As eCAVIAR requires the direction of effect and direction of LD, we aligned the GWAS z-scores such that the reference allele (non-effect allele) is the same as the GTEx reference allele. Furthermore, to align the pA-QTL eQTL LDs, we used BCF tools [50] to match the reference alleles of the genome 1000 VCFs to those of GTEx (After using BCF tools to split multiallelic sites to biallelic). We then used PLINK specifying -keep allele-order when creating PLINK binary files (this step is required as by default, PLINK 1.9 uses the major allele as the reference). eCAVIAR was run using the 1 causal variant mode (-c 1), and otherwise, default parameters.

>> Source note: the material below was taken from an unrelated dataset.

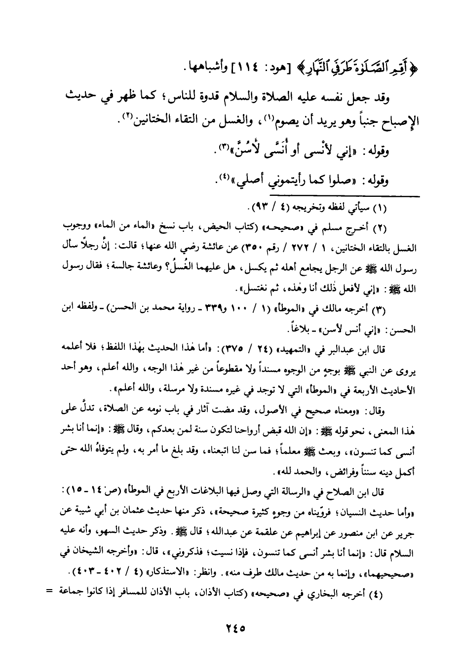 وقال: "ومعناه صحيح في الأصول، وقد مضت آثار في باب نومه عن الصلاة، تدل على هذا المعنى، نحو قوله صلى الله عليه وسلم: "إن الله قبض أرواحنا لتكون سنة لمن بعدكم، وقال صلى الله عليه وسلم: "إنما أنا بشر أنسى كما تنسون"، وبعث صلى الله عليه وسلم معلما؛ فما سن لنا اتبعناه، وقد بلغ ما أمر به، ولم يتوفاه الله حتى أكمل دينه سننا وفرائض، والحمد لله".

Genome-wide pA-QTL analysis of 3’UTR SNPs
In this analysis, we used the distal p(A) site usage index provided by the APA-Atlas [34], calculated per transcript in each GTEx sample (transcripts with less than 30 reads in their last exon were removed by APA-atlas). We included in this analysis all variants located within 3’UTRs or their 2.5 kbp flanking regions (GENCODE hg19 release v31) whose minor allele frequencies ≥0.01 and with the minor allele observed in at least 10 samples. To identify pA-QTLs, each 3’UTR interval was analyzed by FastQTL, using the same procedure and the same covariates described above for the analysis of PAS SNPs. Variants (a) located in 3’UTR loci with q-value<0.05 and (b) obtained nominal p-value below the interval-specific threshold were considered significant 3’UTR pA-QTLs. CAVIAR and eCAVIAR analyses were applied to the significant variants that interrupt GUGU element as described above for the PAS pA-QTLs.
MASH
We used MASH (multivariate adaptive shrinkage) [35] as implemented by mashr. Analyzing 3’UTRs with PAS SNPs, the inputs were the matrix of effect estimates and the matrix of corresponding standard errors (slope and slope standard error calculated by FastQTL) of the set of 26,140 variants that passed the variants’ filtering criteria (see above) in all tissue. We fitted the MASH model using both data-driven and canonical covariance as recommended by the authors. To obtain the data-driven covariance, we used mashr built-in functions (get_significant_results, cov_pca). In this analysis we considered a PAS SNP as a pA-QTL PAS if (a) its local false sign rate (lsfr) was below 0.05, and (b) it was included in CAVIAR’s credible set. CAVIAR was run as described above, with FastQTL t-statistics replaced by the ratio of the posterior mean and posterior standard error obtained from MASH.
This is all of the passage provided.